Assuming that the high temperature strength of the Pd-containing alloys about that of the alloy that has hitherto been preferably used for the stated purpose Pt / Rh 90/10% should correspond to that between 20 and 1400 ° C from 6B = 28.7 to 2.6 kp / mm² decreases, this requirement is met e.g. by the following compositions (Table 4).

Table 4: High temperature strength of Pd-containing alloys according to the application.

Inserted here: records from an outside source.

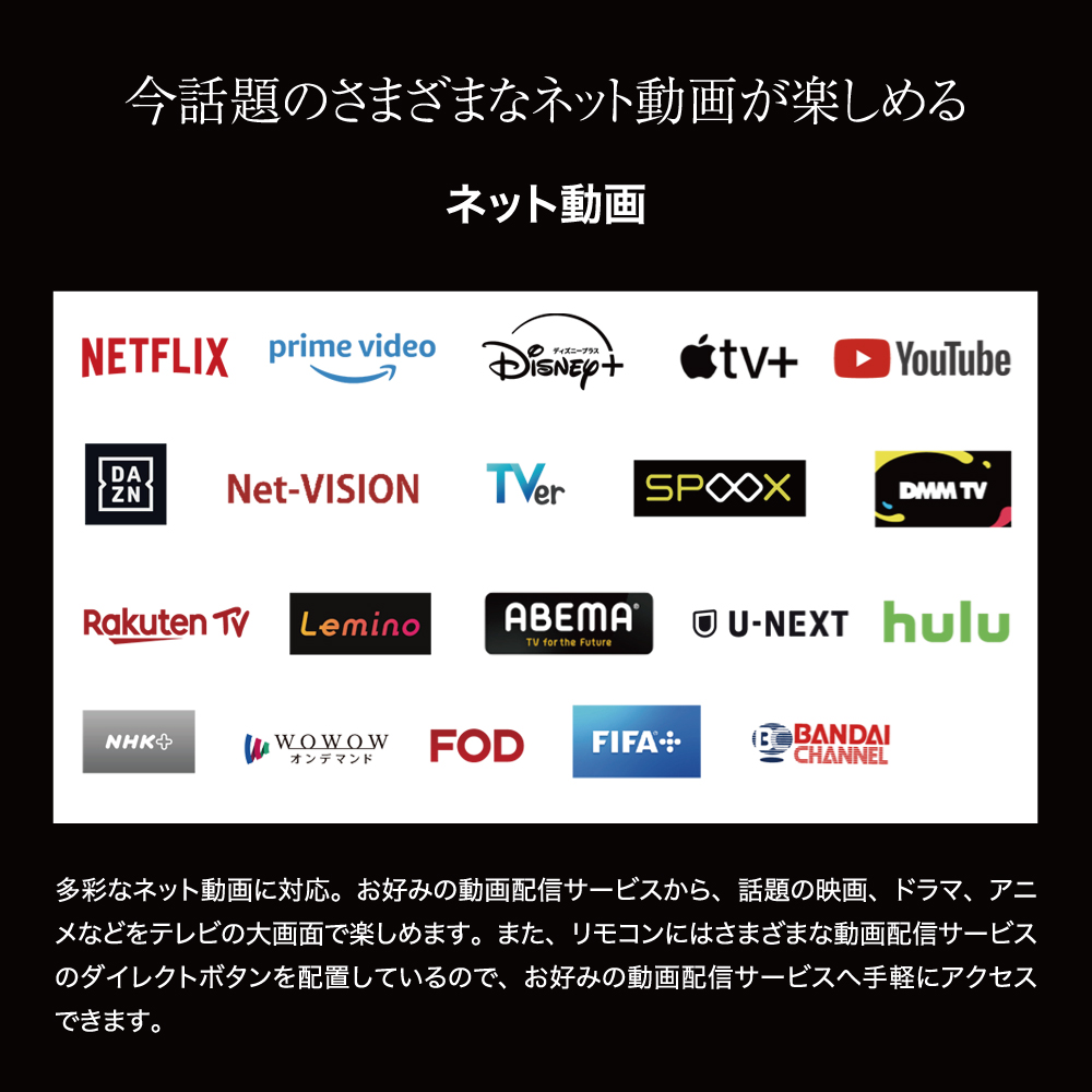 | 【ネット動画】 多彩なネット動画に対応。お好みの動画配信サービスから、話題の映画、ドラマ、アニメなどをテレビの大画面で楽しめます。また、リモコンにはさまざまな動画配信サービスのダイレクトボタンを配置しているので、お好みの動画配信サービスへ手軽にアクセスできます。 |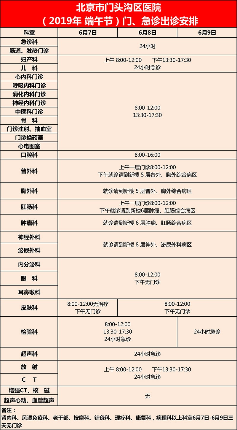 北京市门头沟区医院(2019年端午节)门、急诊出诊安排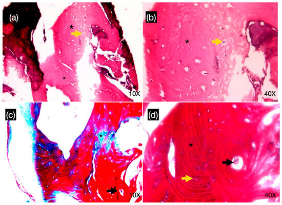 Histology with hematoxylin-eosin (a,b) and Masson Tricomic stain (c,d) from biopsy of tooth #14 area. Bone tissue was observed with the presence of lamellar structure (black asterisk) with the appearance of Haversian canals (black arrow), longitudinal and concentric lamellae, and osteocyte spaces (yellow arrow).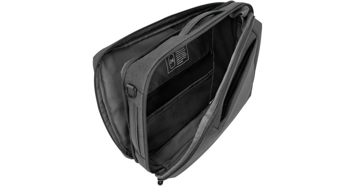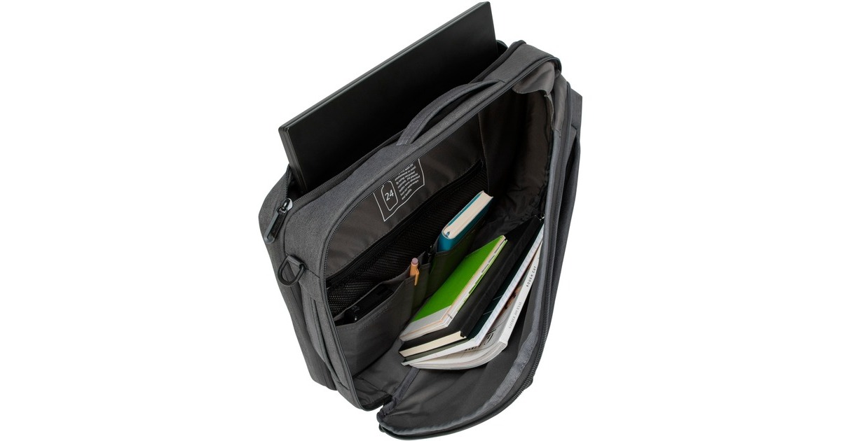 Das Gewebe für den Cypress Convertible Rucksack mit EcoSmart wurde aus 24 recycelten Kunststoffflaschen hergestellt. Das gut durchdachte Design schützt also nicht nur Arbeitsutensilien, sondern auch die Umwelt. Dieser umweltfreundliche Rucksack bietet Platz für einen 39,6 cm (15,6") Notebook und lässt sich dank des einzigartigen Designs als Rucksack oder Aktentasche verwenden. Zu den weiteren Ausstattungsmerkmalen gehören ein gepolstertes Fach zur Aufbewahrung des Noteboooks, zwei Hauptfächer für Akten und Alltagsutensilien, ergonomische Schulterriemen für mehr Komfort beim Pendeln und ein Trolley-Gurt zum Befestigen des Convertible Rucksacks an Rollkoffern. Diese Tasche wurde speziell für mehrere Tragemöglichkeiten entworfen und kann entweder als Rucksack oder als Aktentasche verwendet werden. Die wandelbare Tasche verfügt über einen Tragegriff an der Oberseite und einen seitlichen Tragegriff sowie über Schultergurte, die verstaut werden können, wenn sie nicht benötigt werden.Art.-Nr.: 1635085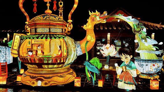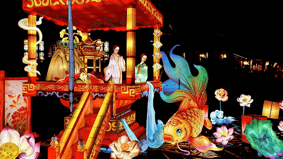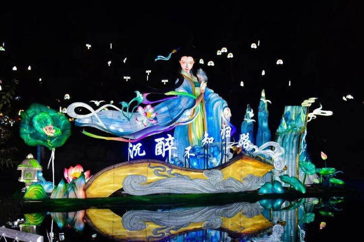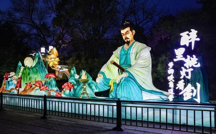 《荷间醉梦》灯组还原李清照“沉醉不知归路”的诗词意境,《剑挑灯华》以“醉里挑灯看剑”为核心,展现辛弃疾的壮志豪情。作为济南的文化名片,“二安”承载着济南的文人风骨与家国情怀,是济南名士文化的核心代表。本届灯会将“二安”作为重磅嘉宾,打造专属主题灯组,让两位文人雅士“穿越千年,隔水相望”,在灯火中与当代人相遇。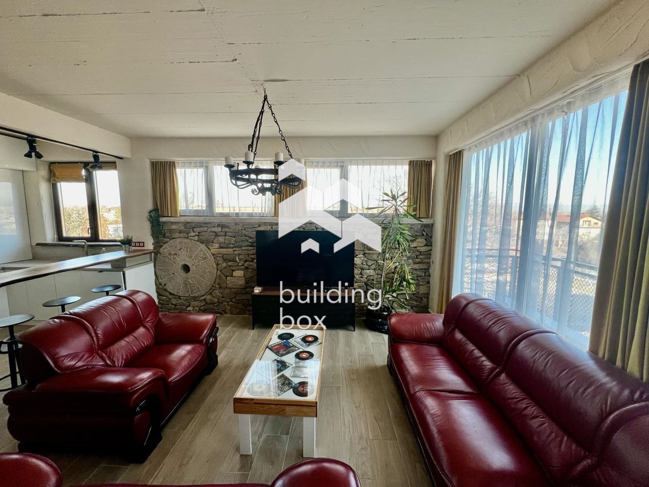 Билдинг Бокс предлага под наем просторен, тристаен, дизайнерски обзаведен мезонет, находящ се в квартал Горубляне, в непосредствена близост до 82-ро училище Васил Априлов.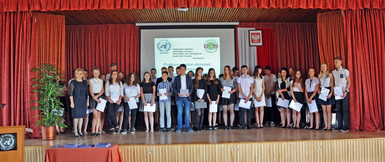 admin 9 lat temu Bez kategoriiW auli 2 czerwca odbyła się uroczystość podsumowująca sukcesy młodzieży w roku szkolnym 2016/2017. Doceniono pracę i wysiłek uczniów klas pierwszych i drugich liceum oraz pierwszych, drugich i trzecich gimnazjum, którzy zdobyli najwyższe laury w olimpiadach, konkursach i zawodach sportowych. Dyrekcja szkoły wręczyła Listy Gratulacyjne 128 uczniom liceum i 88 uczniom gimnazjum za szczególne osiągnięcia na szczeblu międzynarodowym, ogólnopolskim, wojewódzkim i powiatowym.

Heat resistance 6 B at Alloy 20 ° 800 ° 1000 ° 1200 ° 1400 ° Pt / 10 Rh 28.7 12.1 8.2 4.7 2.6 Pd / 20 Rh 45.3 14.0 8.4 4.5 2.3 Pt / Pd / Rh 50/40/10% 41.4 14.5 8.4 4.2 2.3 40/40/20 54.0 21.4 11.4 6.2 3.3 30/50/20 41.4 14.2 10.8 5.8 3.1 In comparison, the known Pt / Pd / Rh alloys have significantly lower levels. Heat strengths (see Table 5).

Table 5: High temperature strength of known Pt / Pd / Rh alloys High temperature strength 6 B at Alloy 20 ° 800 ° 1000 ° 1200 ° 1400 ° Pt / Pd / Rh 85/10/5 28.5 9.5 6 3.25 1.75 90 / 5/5 27 9.5 6 3.00 1.50 90 / 3/7 28 10.3 6.75 4.2 2.5 (?) Due to their much lower spec. Weight are the alloys according to the application above. In addition, it is noticeably cheaper than Pt / Rh 90/10%, as can be seen from Table 6 below: Table 6: Specific weights of Pd-containing alloys according to the application. Alloy spec. Wt. p / ccm Pt / Rh @ 0/10% 20.0 Pd / Rh 80/20% 12.1 Pt / Pd / Rh 50/40/10% 15.4 40/40/20 14.7 30/50/20 13.7 In addition, the g-price of the Pd is less than 25% of that of the Pt.

Claims (3)

P a t e n t a n s p r u c h e 1. Use of Pd-containing alloys for objects for handling molten oxide mixtures or glasses, in particular Silicate mixtures, at temperatures of 900-1300 ° C, consisting of 10-30% Rh or Ir and / or 30-50% Pt, remainder Pd. 2. Use of a Pd-containing alloy according to claim 1, consisting made of Pd with 10-30 Rh. 3. Use of a Pd-containing alloy according to claim 1, consisting of 10-20% Iul, 30-50% Pt, remainder Pd, preferably 10% Rh, 50% Pt, remainder Pd.